Il ne faut pas se mentir. Il n’y a pas unanimité en ce moment dans l’Église de France, et la dernière prise de position de l’épiscopat sur le terrain politique1 a suscité une contestation directe, souvent rude dans l’expression. Nous avions présenté ici-même ce texte, de façon positive, en nous félicitant qu’il prenne les choses par le haut, en rappelant notamment la primauté du bien commun et la nécessité de redéfinir le sens du politique. Beaucoup ne se sont pas reconnus dans cet essai de recentrage philosophique et cette volonté de passer outre aux oppositions frontales qui structurent aujourd’hui le débat national, singulièrement en cette période préélectorale. N’ayons pas peur des mots : les rédacteurs du document épiscopal sont directement accusés de conforter les bons sentiments du politiquement correct, en enterrant les sujets qui fâchent, qui ne sont pas vraiment traités dans leur charge la plus détonnante.

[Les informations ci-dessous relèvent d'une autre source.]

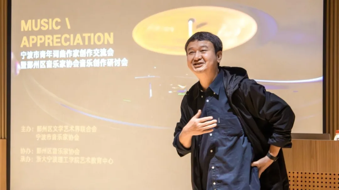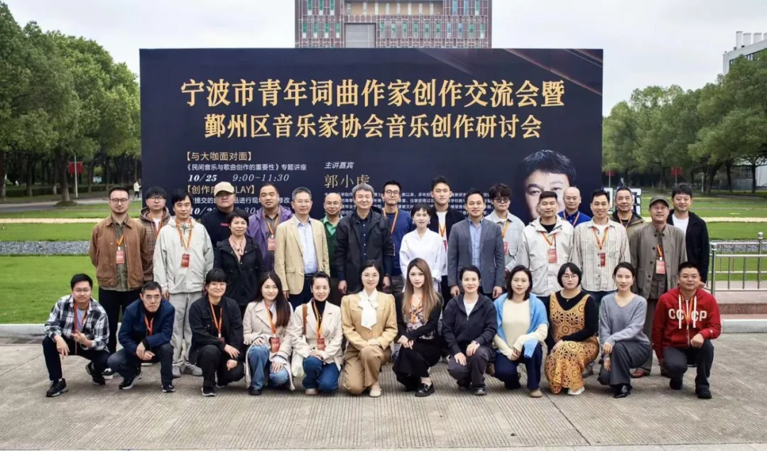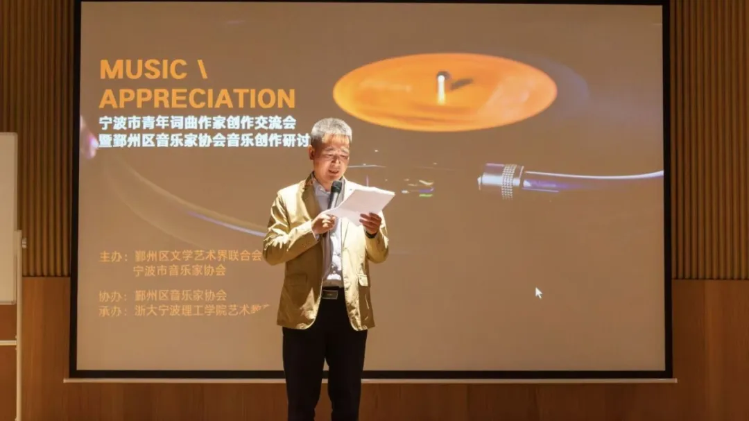 10月25日,由鄞州区文联和宁波市音乐家协会共同主办,鄞州区音乐家协会承办的宁波市青年词曲作家创作交流会暨鄞州区音乐家协会音乐创作研讨会在浙大宁波理工学院顺利举行。著名作曲家、中央音乐学院博士生导师郭小虎,鄞州区文联党组书记、主席胡冬平,鄞州区文联党组成员、副主席杨晓丽,宁波市音乐家协会副主席范翱鹰,宁波市音乐家协会副主席、鄞州区音乐家协会主席郭晓伟,以及来自各区县市的30余名词曲作者共同参与了创作研讨。本次活动旨在提升宁波本土音乐人才和音乐作品的原创能力,大力挖掘区域文化资源与音乐艺术的深度链接,积极搭建青年音乐人才的成长和推介平台。
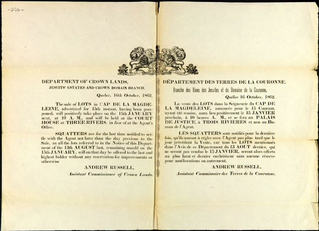Avis public du département des Terres de la Couronne des lots dans la seigneurie du Cap-de-la-Madeleine, au sujet du changement de date pour une vente de lots, par Andrew Russel, commissaire des Terres de la Cour, 16 octobre 1862, Archives nationales à Québec, Fonds Ministère des Terres et Forêts, (03Q,E21,S64,SS5,SSS11,D276).

Ainsi lorsqu’est évoquée une situation mondiale peu rassurante, avec les incertitudes que posent « l’islam, sa présence dans notre pays, la crainte du terrorisme, les flux migratoires », le document n’apporterait pas vraiment de réponses. Les questions soulevées seraient même évacuées, car leur examen s’avèrerait trop pénible. La mondialisation elle-même, qui est à l’origine d’un bouleversement économique et culturel ne serait pas analysée avec l’attention qu’elle mérite. Et il est vrai qu’il manque au texte toute une dimension économique, avec le rôle des marchés financiers pourtant déterminant et le risque d’une crise généralisée dont celle dite des subprimes n’aurait été qu’un prodrome. Sur ce terrain, la parole du pape François apparaît infiniment plus incisive. Comment ne pas envisager en même temps la recomposition du tissu national, avec les zones qui ont bénéficié des échanges mondiaux et celles qui ont été reléguées dans un déclin qui affecte une grande partie de la population (la fameuse France périphérique de Christophe Guilluy).

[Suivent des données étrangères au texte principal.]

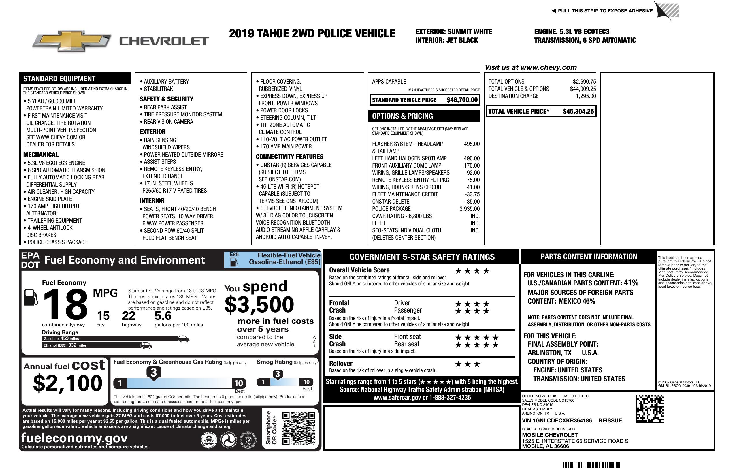 2019 Chevrolet Tahoe 2 Wd 4dr Commercial
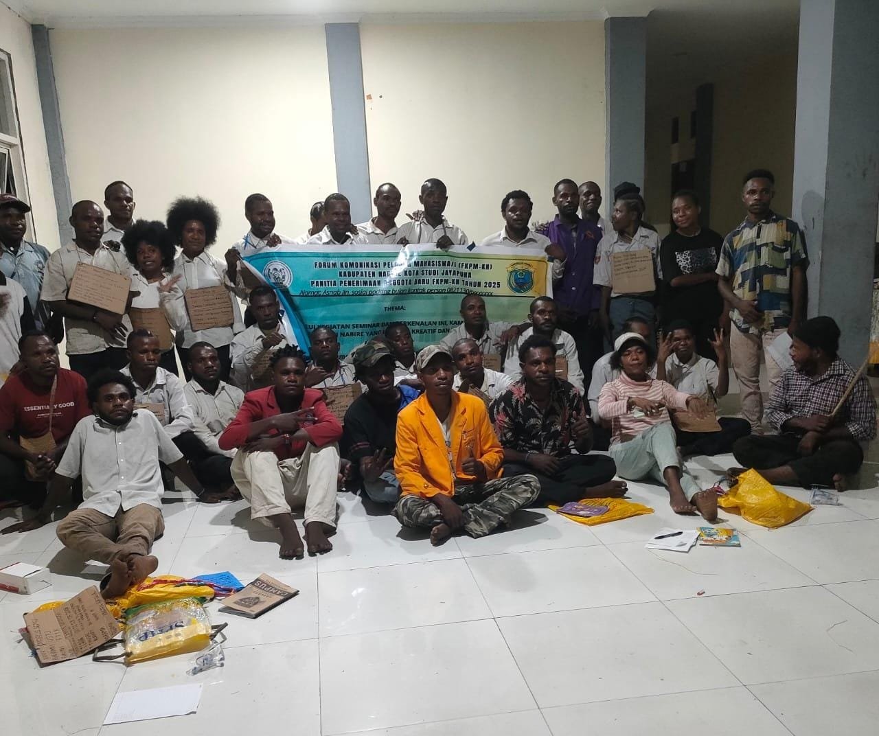 JAYAPURA, TOMEI.ID | Forum Komunikasi Pelajar Mahasiswa Nabire (FKPMN) Kota Studi Jayapura menggelar Seminar dan Ajang Perkenalan Mahasiswa Nabire di Aula Asrama Putra Pemda Nabire, Padang Bulan, Jayapura, Sabtu (18/10/2025).
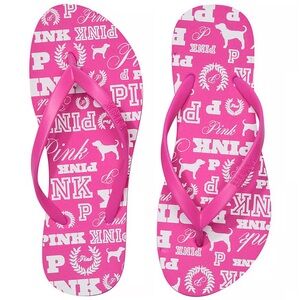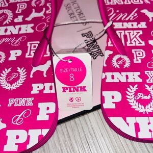 🩴 PINK Victoria's Secret Logo Flip Flops Size 8 NWT
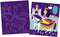 Dieses elegante Kratzkarten-Set verwandelt jeden Strich mit dem Holz-Stylus in ein bezauberndes Bild mit Prinzessinnen – vom Ball über den Ausritt bis hin zur Palasttreppe. Kinder kratzen die obere Schicht der Karten ab und enthüllen leuchtende Farben und funkelnde goldene Details, die vor ihren Augen zum Leben erwachen.
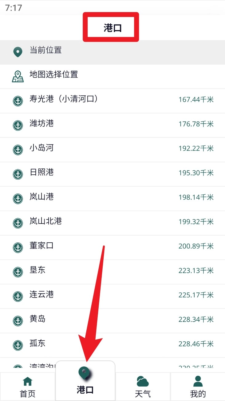 点击下方的“港口”页签,就能切换港口位置,也可以通过地图进行选择,进而查看相应港口的潮汐信息。
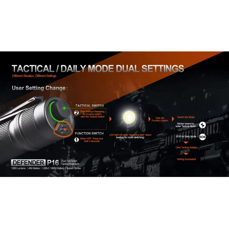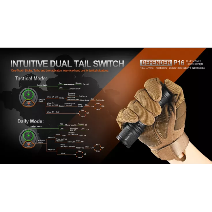 The flashlight features two operating modes with four brightness levels and two special modes. The Defender is operated by a dual tail interface, made up of a tactical switch which turns the light on and off, and a functional switch for changing the brightness level.

Que notre épiscopat soit attentif au danger de l’exclusion et du rejet de l’autre, on peut le comprendre à l’aune des vertus évangéliques. Mais il y a aussi d’autres périls, qui émanent d’une incompréhension de la part de ceux qui estiment que, sous couvert de largeur d’esprit, on conforte l’illusion d’une société ouverte, masquant les fractures et les blessures des perdants de la mondialisation. C’est bien pourquoi il convient moins que jamais de fermer les yeux face aux insatisfactions qui se sont révélées à l’occasion d’une prise de position qui se voulait rassembleuse. Nous aurions tout à perdre d’ignorer des objections légitimes, dont le déni pourrait déstabiliser durablement l’Église de France.
- Conseil permanent de la Conférence des évêques de France, Dans un monde qui change retrouver le sens du politique, 96 p., 4 €, Bayard, Cerf, Mame.